The 2023 Greater Los Angeles Homeless Count, a point-in-time snapshot of homelessness in Los Angeles County that helps determine the distribution of funds and services to the homeless, it began on Tuesday and the count is expected to continue through Thursday.
Volunteers were out Wednesday morning, including in Pasadena, as an attempt to count Los Angeles County’s homeless population resumed for a second day.
“We have been effective in getting people off the streets in recent years, and we are about 50 percent of where we were. But even that is too much,” Pasadena Mayor Victor Gordo told KCAL News. “One is too many. And the numbers are constantly evolving, so we have to keep pushing to keep people out of the streets.”
Because Pasadena is a smaller jurisdiction, they are trying to do a lot of one-on-one interactions with the homeless in the city.
Volunteers distribute cold-weather packs containing toiletries and other items, and ask if people need medicine. Pasadena has its own public health department with Narcan available and vaccination teams on staff to administer covid and flu shots.
This year’s Los Angeles County recount could be of added importance given the priority new Los Angeles Mayor Karen Bass has placed on addressing the crisis since taking office in November. Sheand has emphasized collaboration with the county and LAHSA, a joint powers authority coordinated by the city and county. with its own declaration of a state of emergency, just like the .
“Together we are building theCamp solution. We’re cutting red tape to build housing faster and at a lower cost,” Los Angeles Mayor Karen Bass said Monday as she introduced Va Lecia Adams Kellum, the new director of the Los Angeles Homeless Services Authority. Los Angeles “And to Dr.

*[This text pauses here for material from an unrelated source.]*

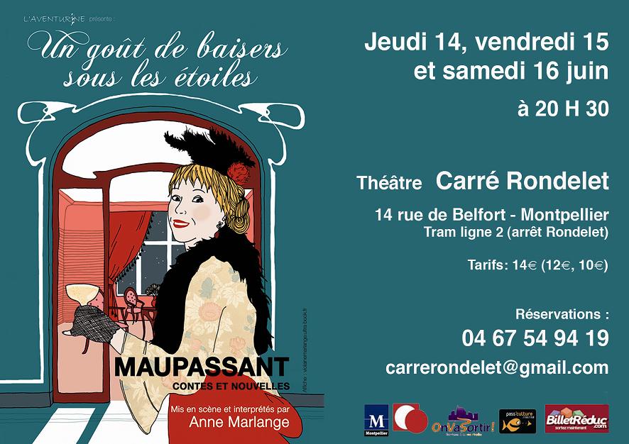 9 janvier 2026 : 20h, représentation de Au café Maupassant, feuilleton théâtral, textes de Guy de Maupassant, m.e.s. Marie-Louise Bischofberger, Théâtre de National de Nice (06).

Adams Kellum, we are bringing new leadership to LAHSA that is fully aligned with the efforts of the city and county.”
On Tuesday, when she and several volunteers officially started the count, Karen Bass had a message of hope.

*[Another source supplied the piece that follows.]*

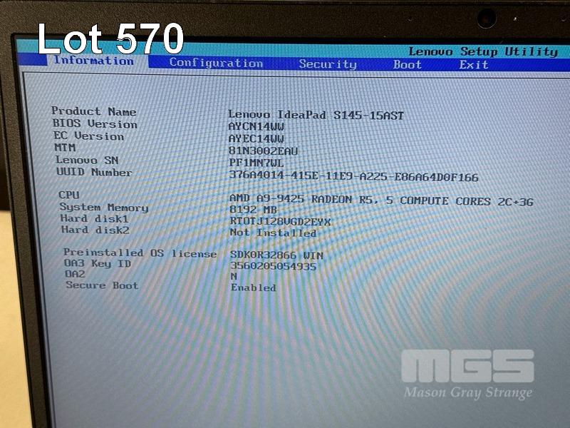 LAPTOP, LENOVO IDEAPAD S145-15AST, AMD A9-9425 @ 3.1GHz, 8GB DDR4 RAM, 128GB SSD, 15.6" WIDESCREEN, (1366x768), Wi-Fi, BLUETOOTH, WINDOWS 10 HOME INSTALLED (NO POWER SUPPLY) (NOTE: DAMAGED CASING, MARKS ON SCREEN) S/N:PF1MN7WL
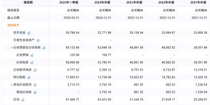 年报数据显示,2021年至2024年,联环药业的应收账款及应收票据规模不断走高,分别为3.86亿、4.89亿、4.89亿、5.39亿,到了今年一季度,继续增至5.81亿;

“I hope to see people who are still in tents, and I can’t wait until we get a chance to count them and get them out of the tents and into housing,” Bass said. “I’m excited by all the enthusiasm and all the volunteers that I know will be out there.”

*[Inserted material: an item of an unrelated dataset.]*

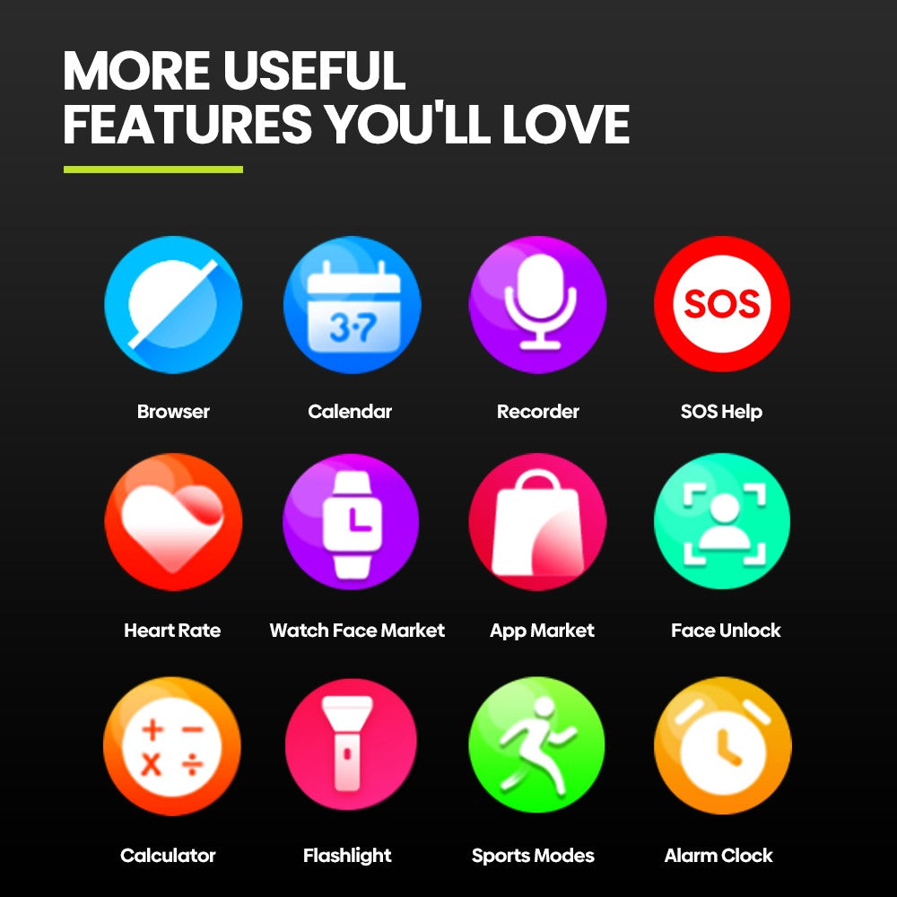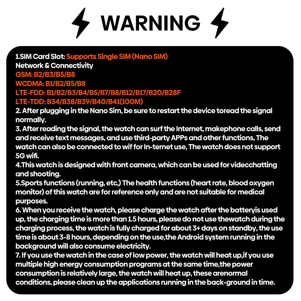 Functions | 4G Network(Global Bands), GPS/GLONASS/Beidou, Google Play, Google map,Offline Music, WiFi, Weather, Clock Faces for Any Occasion (Custom Watch Faces), Apps, Clock faces & Notifications, Phonebook, Alarm, Bluetooth, Browser, Calendar, Camera, E-book, MP3, MP4, Additional, Heart rate monitor,blood oxygen monitor,Pedometer, Call Reminder, Remote Music,Message Notification, Answer Call, Dial Call. | ||

The Los Angeles Homeless Services Authority count will be conducted with the help of thousands of volunteers, with results expected in late spring or early summer. It will begin in the San Fernando and San Gabriel Valleys on Tuesday, followed by counts in West Los Angeles and East Los Angeles on Wednesday. Thursday’s count will take place in South Los Angeles, the metropolitan area and the Antelope Valley. Several local officials, including Bass, will hold an introductory press conference Tuesday night at LA Family Housing in North Hollywood to kick off the count.
Wendy Greuel, LAHSA commission chair, said at a briefing Monday that volunteers are still needed to help count. People can register at theycountwillyou.org.
LAHSA announced changes for this year’s count that include the use of a new app and ensuring that counts have access to paper maps and tally sheets if there are internet connection issues.
For the first time, LAHSA partnered with Esri, a company that provides software for a geographic information mapping system, to streamline their efforts during this year’s count.
“The app they use should be a lot easier,” said Ahmad Chapman, LAHSA director of communications. “It really helps us figure out what services are needed where and how to help homeless people get into the shelter and on the path to permanent housing.”
In addition to tracking where volunteers go during their count, the app tracks people, camps, and vehicles across the county to collect as much data as possible.
Agency officials said earlier this month that they also plan to hire a demographer and two data scientists for data analysis.
LAHSA’s 2022 homeless count revealed 41,980 homeless people in the city of Los Angeles, up 1.7 percent from 2020. In the county, there were 69,144 homeless people, an increase of 4. one %.
“I think we’ll see a larger population, I know we’ll count everyone in a shelter and everyone outside,” said Andy Bales, Union Rescue Mission president and CEO. “I can tell you firsthand that we have more families than ever before. We have over 250 families at our three sites with 500 children, which is an all-time record.”
While it is extremely difficult to accurately count all the homeless in Los Angeles County, Bales is optimistic about the future with Mayor Bass’s directives already being put into effect.
“We just have to listen to Mayor Karen Bass when she says we don’t just need housing, we need mental health support and addiction recovery services,” she said.
Last year’s count was followed by criticism from some officials, including City Council members, who pointed to problems with access to data related to the count and inconsistencies in communication between the agency and council districts. Some council members called for a third-party count of Los Angeles’ homeless population and a multi-year audit of the authority’s previous counts.